Set the pictures aside and write down, exactly as they appear, the lines from the one containing "4、化学药品槽;5、泡沫分布装置;6、收集槽; 7、施加器;8、定位辊;9、狭缝压力控制阀 |" through the end of the material.
↓↓↓
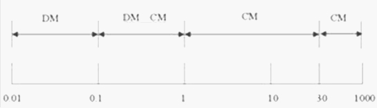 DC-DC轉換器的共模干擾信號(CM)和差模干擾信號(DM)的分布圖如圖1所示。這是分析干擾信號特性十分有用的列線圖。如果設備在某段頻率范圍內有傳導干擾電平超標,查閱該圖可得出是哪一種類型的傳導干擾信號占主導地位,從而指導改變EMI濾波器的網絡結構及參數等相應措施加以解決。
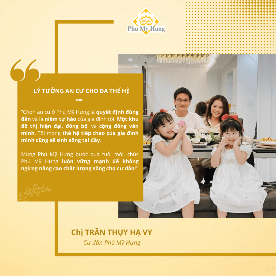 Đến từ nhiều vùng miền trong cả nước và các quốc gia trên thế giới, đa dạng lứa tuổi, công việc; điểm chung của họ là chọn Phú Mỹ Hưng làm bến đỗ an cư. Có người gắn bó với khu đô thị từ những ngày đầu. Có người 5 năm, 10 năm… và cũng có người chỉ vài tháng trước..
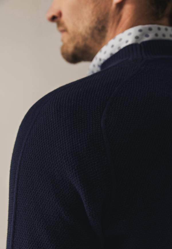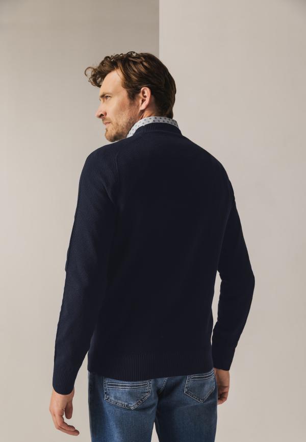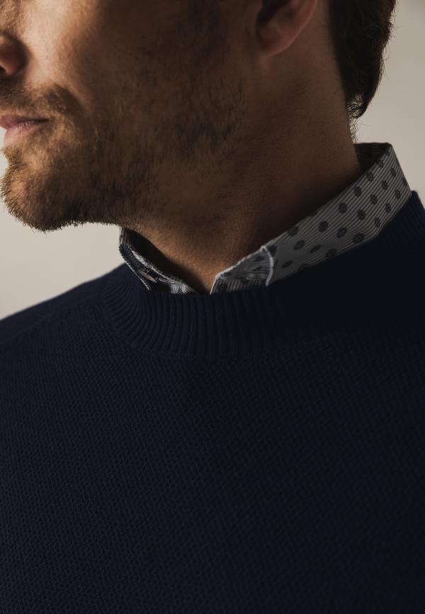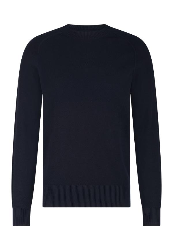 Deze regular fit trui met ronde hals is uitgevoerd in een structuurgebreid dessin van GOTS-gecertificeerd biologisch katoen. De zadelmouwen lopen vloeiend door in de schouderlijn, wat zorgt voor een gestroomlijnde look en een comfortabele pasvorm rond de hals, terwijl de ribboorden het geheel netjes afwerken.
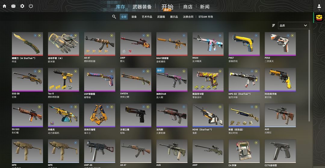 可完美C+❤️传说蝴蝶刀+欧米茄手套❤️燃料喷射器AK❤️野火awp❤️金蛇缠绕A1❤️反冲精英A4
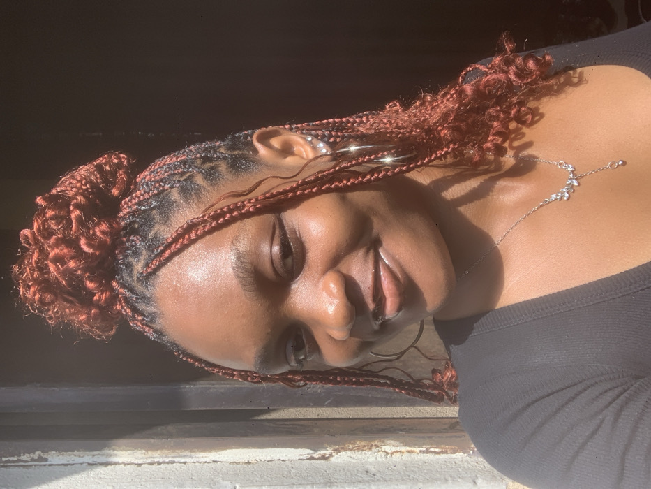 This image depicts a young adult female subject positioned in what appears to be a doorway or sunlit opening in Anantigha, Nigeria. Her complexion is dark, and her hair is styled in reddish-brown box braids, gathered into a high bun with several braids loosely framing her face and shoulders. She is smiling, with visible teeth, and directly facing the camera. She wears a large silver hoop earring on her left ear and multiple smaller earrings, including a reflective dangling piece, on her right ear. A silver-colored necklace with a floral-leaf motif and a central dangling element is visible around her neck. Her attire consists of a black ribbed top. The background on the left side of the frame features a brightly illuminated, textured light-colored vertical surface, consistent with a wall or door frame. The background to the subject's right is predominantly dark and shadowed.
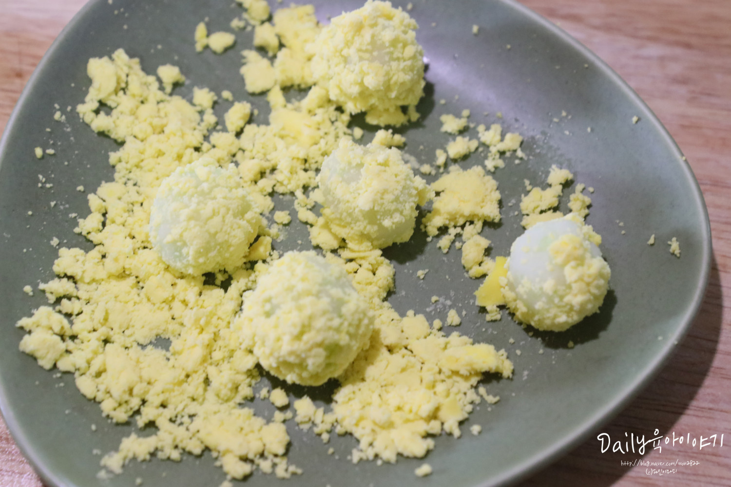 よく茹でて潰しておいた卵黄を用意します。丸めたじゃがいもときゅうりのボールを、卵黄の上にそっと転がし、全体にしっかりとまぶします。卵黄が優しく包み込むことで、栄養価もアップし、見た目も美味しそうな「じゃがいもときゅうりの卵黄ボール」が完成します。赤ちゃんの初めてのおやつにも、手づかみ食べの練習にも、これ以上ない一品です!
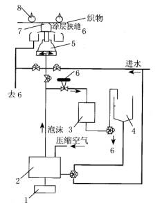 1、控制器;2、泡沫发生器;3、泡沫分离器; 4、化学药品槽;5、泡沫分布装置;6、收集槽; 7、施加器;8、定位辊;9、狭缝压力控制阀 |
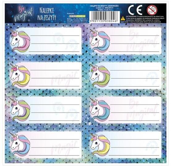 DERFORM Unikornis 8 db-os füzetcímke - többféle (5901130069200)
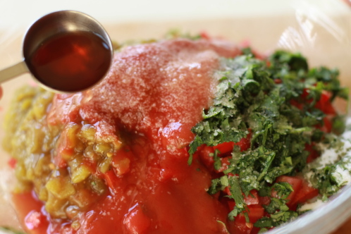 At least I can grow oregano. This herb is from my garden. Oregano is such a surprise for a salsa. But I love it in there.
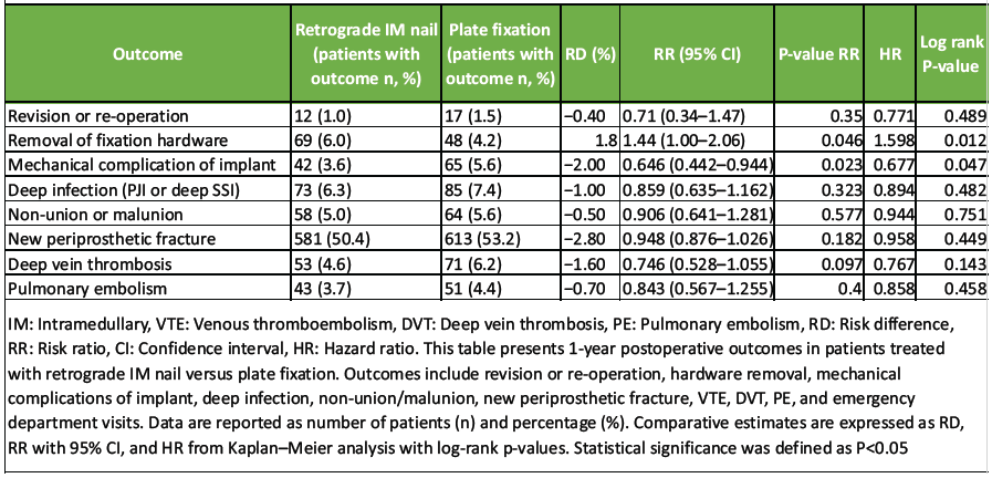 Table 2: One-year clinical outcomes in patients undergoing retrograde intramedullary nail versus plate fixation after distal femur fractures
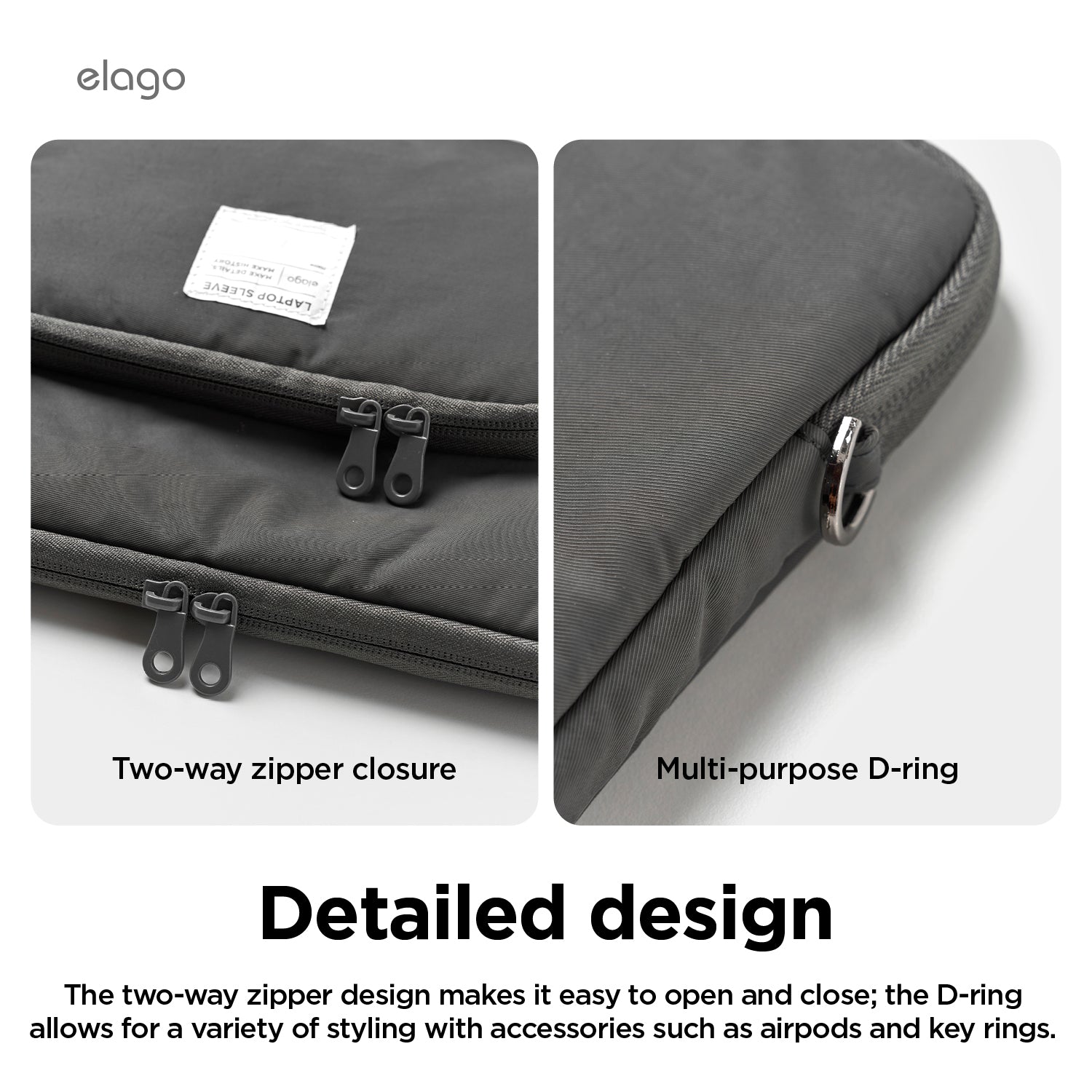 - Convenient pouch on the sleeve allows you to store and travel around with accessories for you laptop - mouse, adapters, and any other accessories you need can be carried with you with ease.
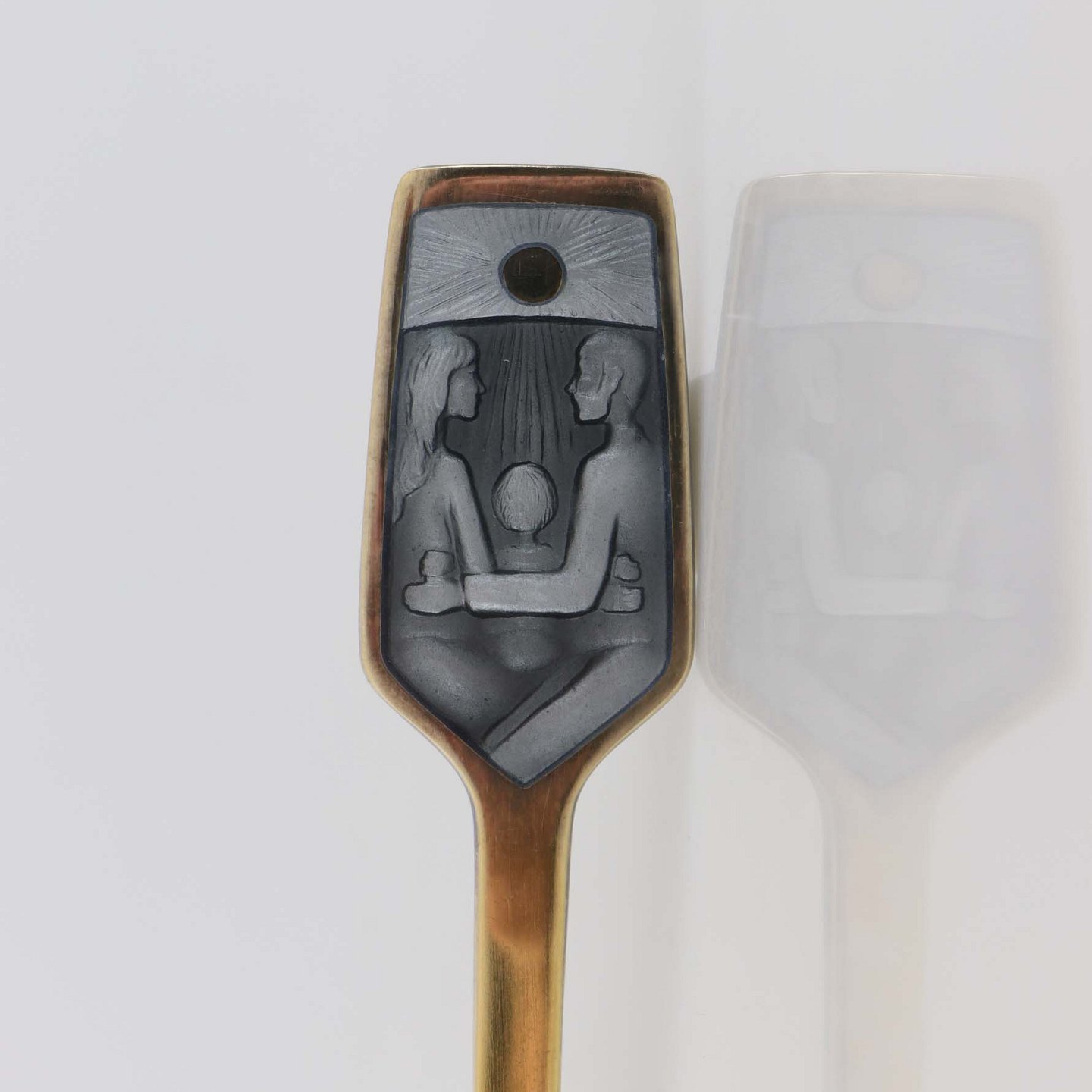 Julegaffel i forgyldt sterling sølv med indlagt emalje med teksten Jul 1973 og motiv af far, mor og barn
↑↑↑
RESPONSE TO THE EXERCISE:
 1、控制器;2、泡沫发生器;3、泡沫分离器; 4、化学药品槽;5、泡沫分布装置;6、收集槽; 7、施加器;8、定位辊;9、狭缝压力控制阀 |
 DERFORM Unikornis 8 db-os füzetcímke - többféle (5901130069200)
 At least I can grow oregano. This herb is from my garden. Oregano is such a surprise for a salsa. But I love it in there.
 Table 2: One-year clinical outcomes in patients undergoing retrograde intramedullary nail versus plate fixation after distal femur fractures
 - Convenient pouch on the sleeve allows you to store and travel around with accessories for you laptop - mouse, adapters, and any other accessories you need can be carried with you with ease.
 Julegaffel i forgyldt sterling sølv med indlagt emalje med teksten Jul 1973 og motiv af far, mor og barn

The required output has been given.